__Prompt__:
Leaving every image behind, reproduce the records word for word.

(Items from a dataset)
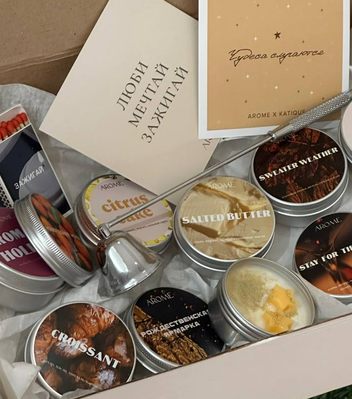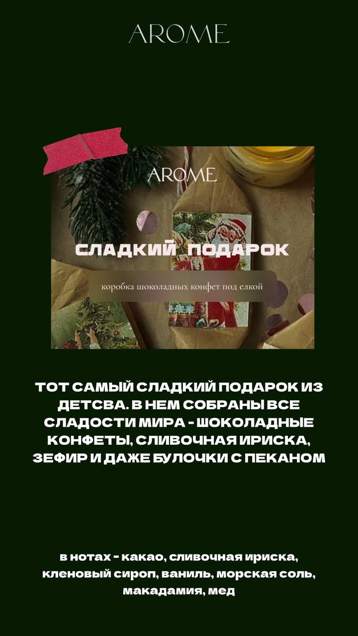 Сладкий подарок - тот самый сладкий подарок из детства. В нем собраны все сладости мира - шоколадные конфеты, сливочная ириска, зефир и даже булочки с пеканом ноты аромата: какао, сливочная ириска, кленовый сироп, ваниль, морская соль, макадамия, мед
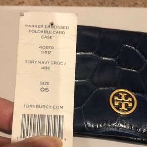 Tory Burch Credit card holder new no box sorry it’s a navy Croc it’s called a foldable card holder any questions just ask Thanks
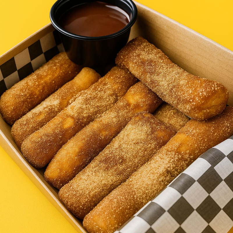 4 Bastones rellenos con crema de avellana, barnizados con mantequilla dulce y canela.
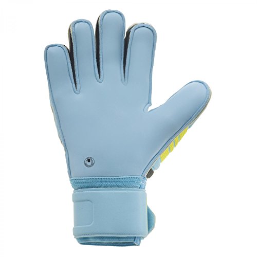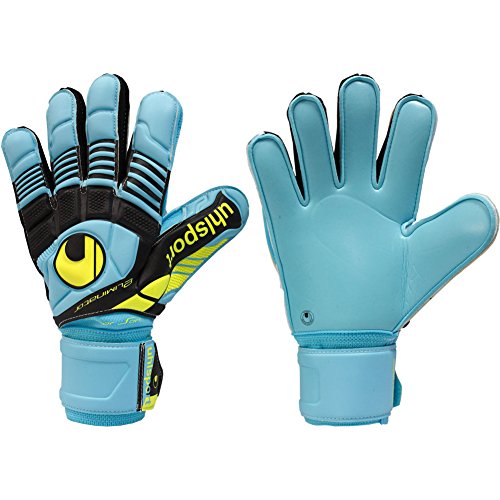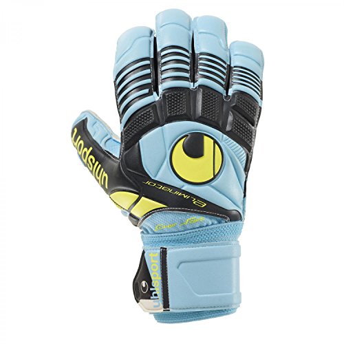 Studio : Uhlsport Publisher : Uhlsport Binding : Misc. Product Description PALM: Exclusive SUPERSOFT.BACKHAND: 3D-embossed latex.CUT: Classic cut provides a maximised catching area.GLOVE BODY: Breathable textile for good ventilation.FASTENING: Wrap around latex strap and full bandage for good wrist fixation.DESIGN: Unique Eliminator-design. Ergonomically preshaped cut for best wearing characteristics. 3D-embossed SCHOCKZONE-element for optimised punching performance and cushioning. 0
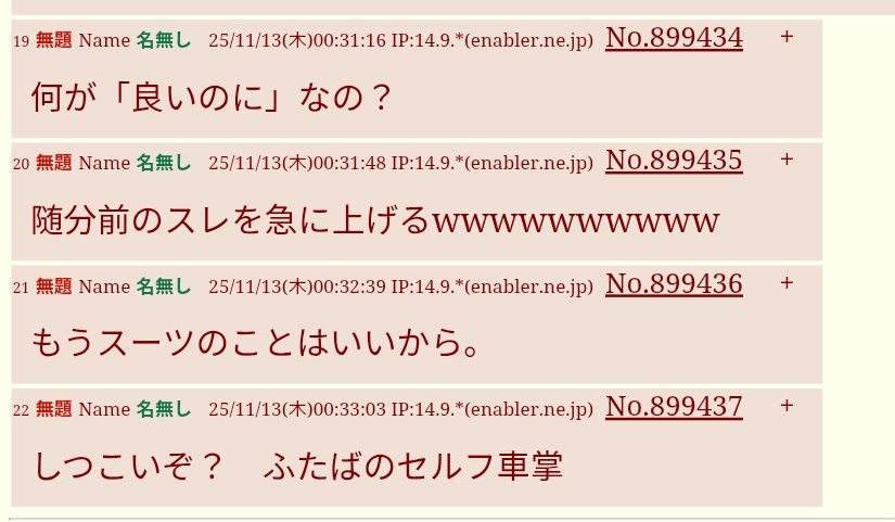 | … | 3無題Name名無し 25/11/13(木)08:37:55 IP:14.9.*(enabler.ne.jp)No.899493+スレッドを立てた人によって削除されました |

__Solution to the exercise__:
 Сладкий подарок - тот самый сладкий подарок из детства. В нем собраны все сладости мира - шоколадные конфеты, сливочная ириска, зефир и даже булочки с пеканом ноты аромата: какао, сливочная ириска, кленовый сироп, ваниль, морская соль, макадамия, мед
 Tory Burch Credit card holder new no box sorry it’s a navy Croc it’s called a foldable card holder any questions just ask Thanks
 4 Bastones rellenos con crema de avellana, barnizados con mantequilla dulce y canela.
 Studio : Uhlsport Publisher : Uhlsport Binding : Misc. Product Description PALM: Exclusive SUPERSOFT.BACKHAND: 3D-embossed latex.CUT: Classic cut provides a maximised catching area.GLOVE BODY: Breathable textile for good ventilation.FASTENING: Wrap around latex strap and full bandage for good wrist fixation.DESIGN: Unique Eliminator-design. Ergonomically preshaped cut for best wearing characteristics. 3D-embossed SCHOCKZONE-element for optimised punching performance and cushioning. 0
 | … | 3無題Name名無し 25/11/13(木)08:37:55 IP:14.9.*(enabler.ne.jp)No.899493+スレッドを立てた人によって削除されました |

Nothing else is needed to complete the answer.